Re: [pcre-dev] PCRE2 POSIX newline matching

Góra strony
Delete this message
Autor: ph10
Data:  
Dla: Ralf Junker
CC: pcre-dev@exim.org
Temat: Re: [pcre-dev] PCRE2 POSIX newline matching
On Thu, 3 Sep 2015, Ralf Junker wrote:

> Built from PCRE2 SVN 362, my pcretest matches the following input:
>
> #forbid_utf
> #pattern posix
>
> /abc.def/
>     abc\ndef
>  0: abc\x0adef

>
> In the pcre2posix.html#SEC4 documentation I read that POSIX /./ matches
> newline.

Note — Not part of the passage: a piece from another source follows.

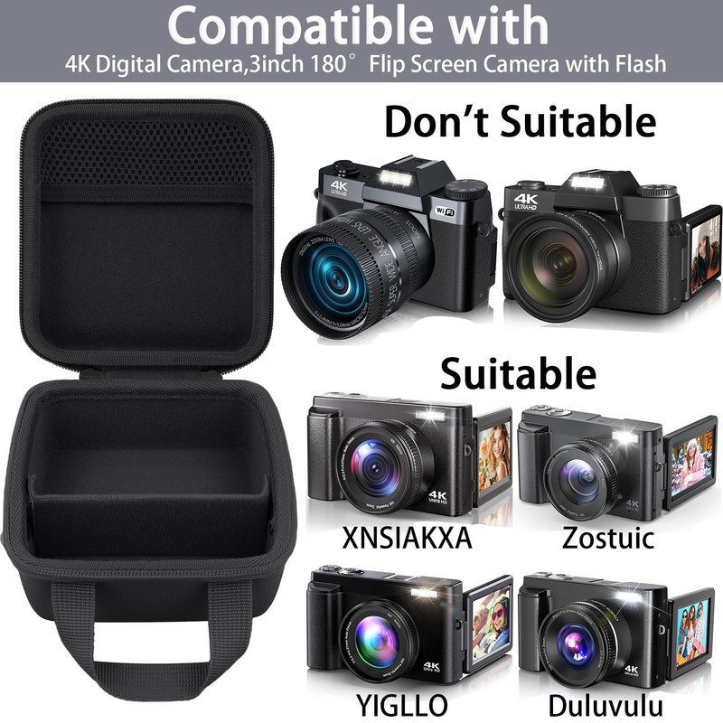 - Perfect design: The hard protective case is specifically designed for YIGLLO/Zostuic/Duluvulu/VJIANGER/Gavonde 4K Digital Camera, allowing for perfect storage of YIGLLO/Zostuic/Duluvulu/VJIANGER/Gavonde 4K Vlogging Digital Camera. The smooth zipper makes it very easy to open and close the 4k digital camera case, making it convenient for storing and retrieving the 4K Digital Camera for Photography Autofocus.

Hence I expect the above to match.
>
> However, according to testoutput18, the match should fail (line 61-65):
>
> /abc.def/
>     *** Failers
> No match: POSIX code 17: match failed
>     abc\ndef
> No match: POSIX code 17: match failed

>
> Which is correct ? Or could my pcretest be faulty?


I'm afraid you have misunderstood. PCRE's POSIX API is just that: it
uses the POSIX function calls regcomp() and regex() as an interface to
the PCRE library. The "posix" modifier in pcre2test causes it to test
these functions. However, using these functions does not imply POSIX
pattern matching, though there are some options that change PCRE's
behaviour. The documentation says "It is not possible to get PCRE2 to
obey POSIX semantics, but then PCRE2 was never intended to be a POSIX
engine." and also "The default POSIX newline handling can be obtained by
setting PCRE2_DOTALL and PCRE2_DOLLAR_ENDONLY, but there is no way to
make PCRE2 behave exactly as for the REG_NEWLINE action."

Setting REG_NEWLINE in regcomp() sets PCRE2_MULTILINE when
pcre2_compile() is called. Setting REG_DOTALL sets PCRE2_DOTALL (which
makes '.' match newlines). From pcre2test, using /m sets PCRE2_MULTILINE
(which translates to REG_NEWLINE for the regcomp() call), and /s sets
PCRE2_DOTALL. Setting "posix" just uses the POSIX API; it does not
change matching semantics.

Perhaps the documentation could be made more clear. I will try to do so.

Philip

--
Philip Hazel